Here are three great exercises that will help you improve your triceps. These exercises are: the Dumbbell Kickbacks; Seated Triceps Press; and Overhead Triceps Extensions. There are others to do, but these three triceps exercises should get you started on developing those triceps muscles.
How to improve your triceps muscles – The first exercise to consider is the dumbbell kickbacks. In order to do this exercise you will need to get a dumbbell that you can handle. (If you don’t have dumbbells, try holding on to some canned vegetables – it will add a little bit of weight to your routine if you don’t have access to dumbbells.) You can start with your left side or your right side first, just make sure you work both sides evenly. Start by putting your left knee on a weight bench and then lean over and put your left hand on the bench. Begin by holding the dumbbell in your right hand. You will want to have your right arm bent at the elbow at a 90 degree angle and the top back part of your arm even with your back. (Point your elbow towards the ceiling and remember to keep your back straight.) Now you will want to start straightening your arm out. Kind of like you are reaching for something behind you. See if you can feel your muscle tighten up. If you feel this, then bend your arm again to a 90 degree angle and start again. Do this again a few more times.
How to improve your triceps muscles – The second exercise to consider is the seated triceps press. To begin this exercise, you will need to sit down on a weight bench. Hold a dumbbell behind your head. Make sure to hold it tight so you don’t drop it on your head. You will now begin to lift the dumbbell straight up by extending your arms towards the ceiling. Keep your back straight in this exercise, no slouching allowed. When lifting the dumbbell up, lift it slowly so you can feel your triceps tightening up. Do this again a few more times.

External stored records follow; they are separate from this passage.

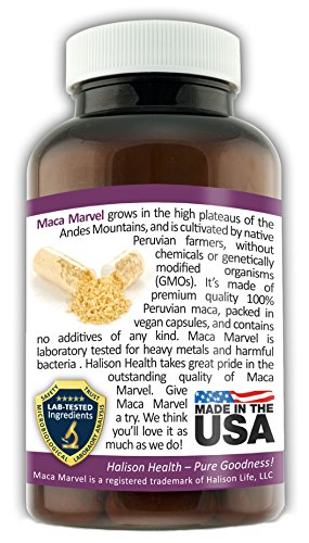 - LegalDisclaimer : *These statements have not been evaluated by the FDA. This product is not intended to diagnose, treat, cure, or prevent any disease. If you are pregnant or nursing a baby, seek the advice of a health professional before using this product. People allergic to maca or related vegetables like broccoli, Brussels sprouts, cabbage and cauliflower should not take maca. People taking anticoagulant medications, birth control pills or stimulants, people with high blood pressure and patients with breast or prostate cancer should be cautious when using maca. Always consult your doctor before starting a new supplement. Maca naturally contains starch, which can cause digestive discomfort for some people. Maca Marvel is a registered trademark of Halison Life, LLC
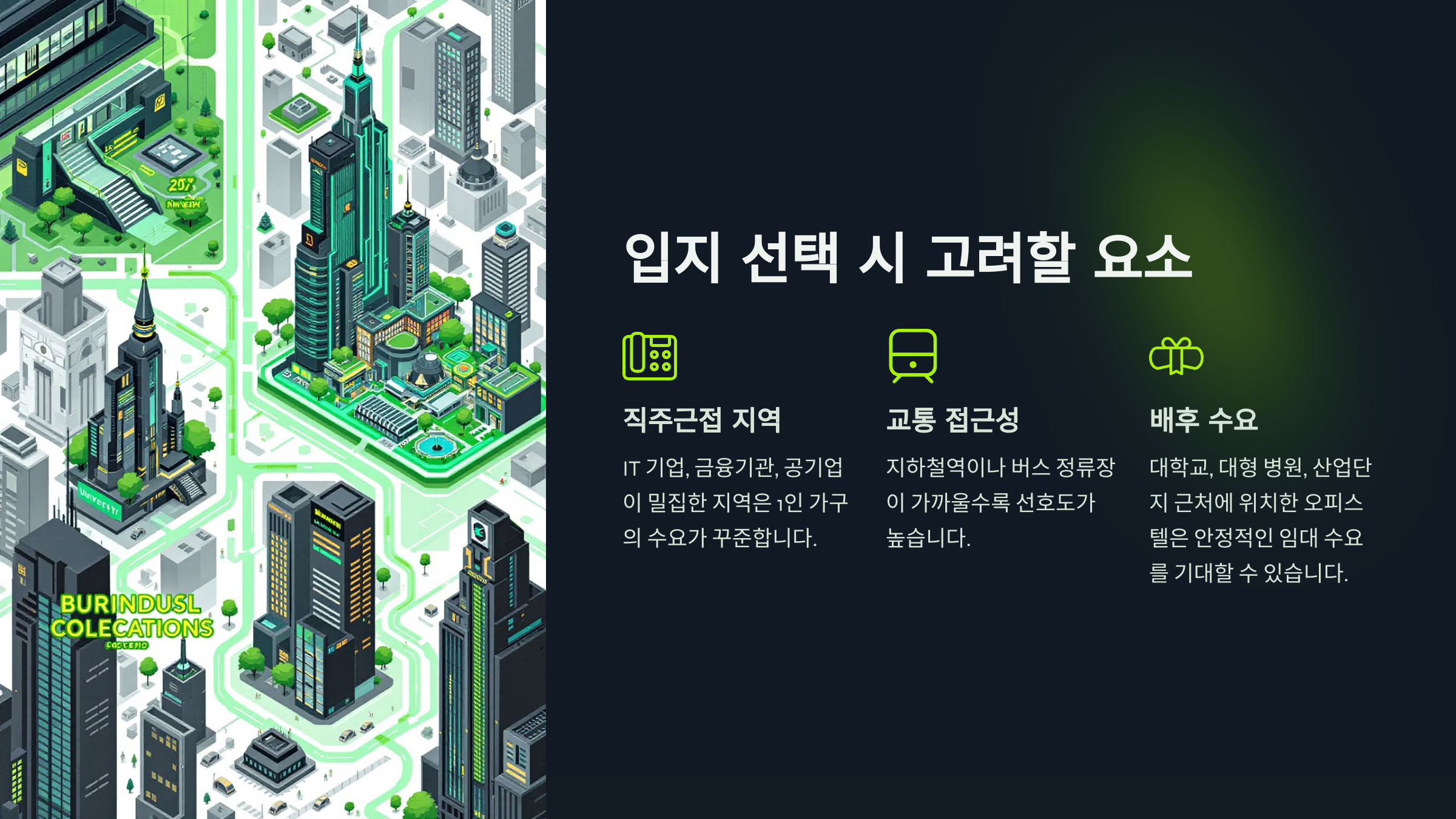 이제 오피스텔 투자에서 가장 중요한 요소 중 하나인 입지 선택에 대해 살펴볼게요! 🚀
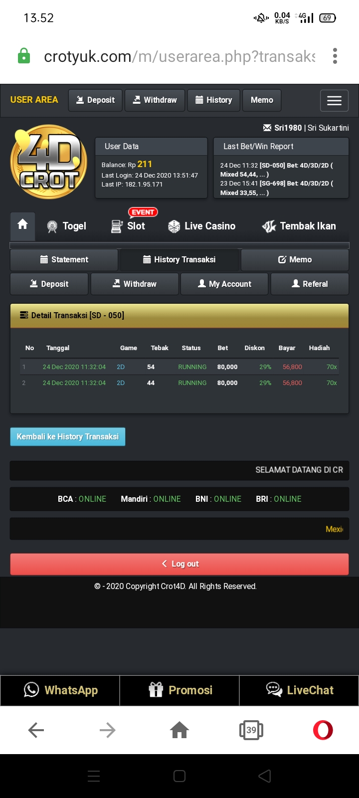 Result 20 tidak dibayar.. malah di kembalikan bettingnya
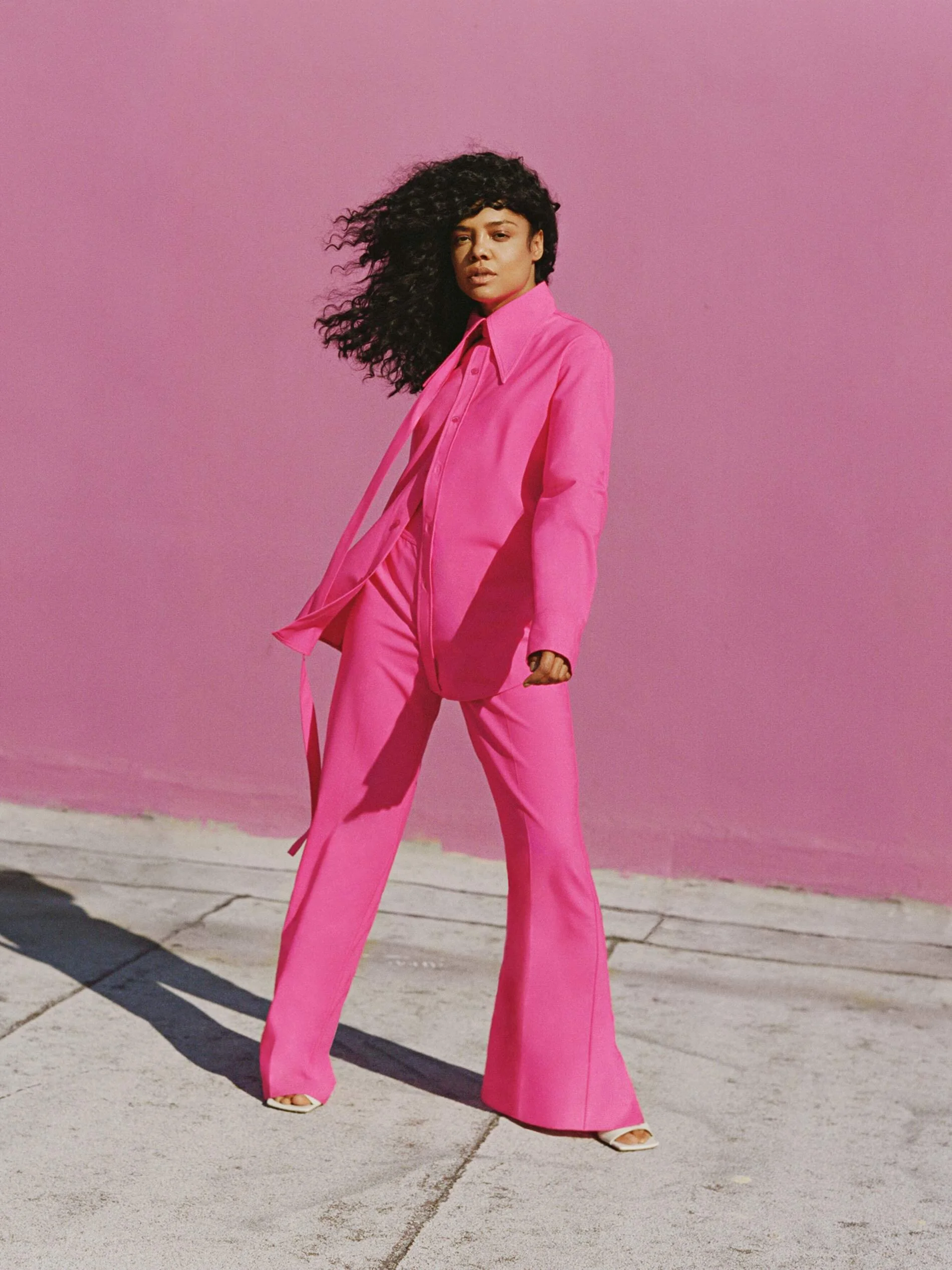 Continue the read-out of Lynette Nylander’s interview of Tessa Thompson and see the fashion credits at Porter Edit.
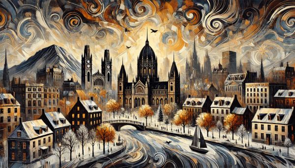 Title: Dreamlike Visions of Montreal: A Cubist and Van Gogh Inspired Tapestry Photo ID: 43274
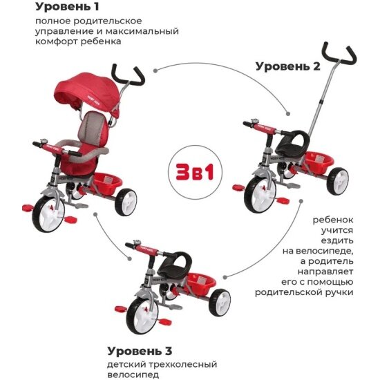 3 в 1: велосипед-коляска с полным родительским управлением, трёхколёсный велосипед с ручкой, трёхколёсный велосипед и полное управления ребёнком; наличие переключателя «свободного хода» переднего колеса; звонок на руле; складной тент колясочного типа с фиксаторами положения; большая корзина сзади велосипеда; ножной тормоз
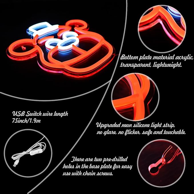 - Vibrant Neon Lighting: This cute Five Nights Bear neon sign emits a bright, eye-catching orange glow, perfect for decorating bedrooms, children's rooms, or special events.

How to improve your triceps muscles – The third exercise to consider is the overhead triceps extensions. Begin this exercise by laying down with your back flat on a weight bench. Bend your knees and have your feet on the end of the weight bench (no feet on the floor this exercise). Begin by holding a barbell straight up over your chest (have some weights added to the barbell if you are comfortable with it.) Then you will want to bend your elbows and your arms will be moving towards the top of your head for this exercise. (Be careful not to bump your head.) Straighten your arms out again and repeat. Do this a few more times.
(If you don’t have a barbell or dumbbells, get an old broom stick. Get two old milk jugs and add some water and then tie them on to the ends of the broom stick. Make sure both of the milk jugs have the same amount of water added to them. This is a great alternative to dumbbells because you can also use these as free weights.)
I hope these triceps exercises will help you with your exercise program. Try not to over do it in the beginning and work those triceps muscles. It should take you long before you start to see the results.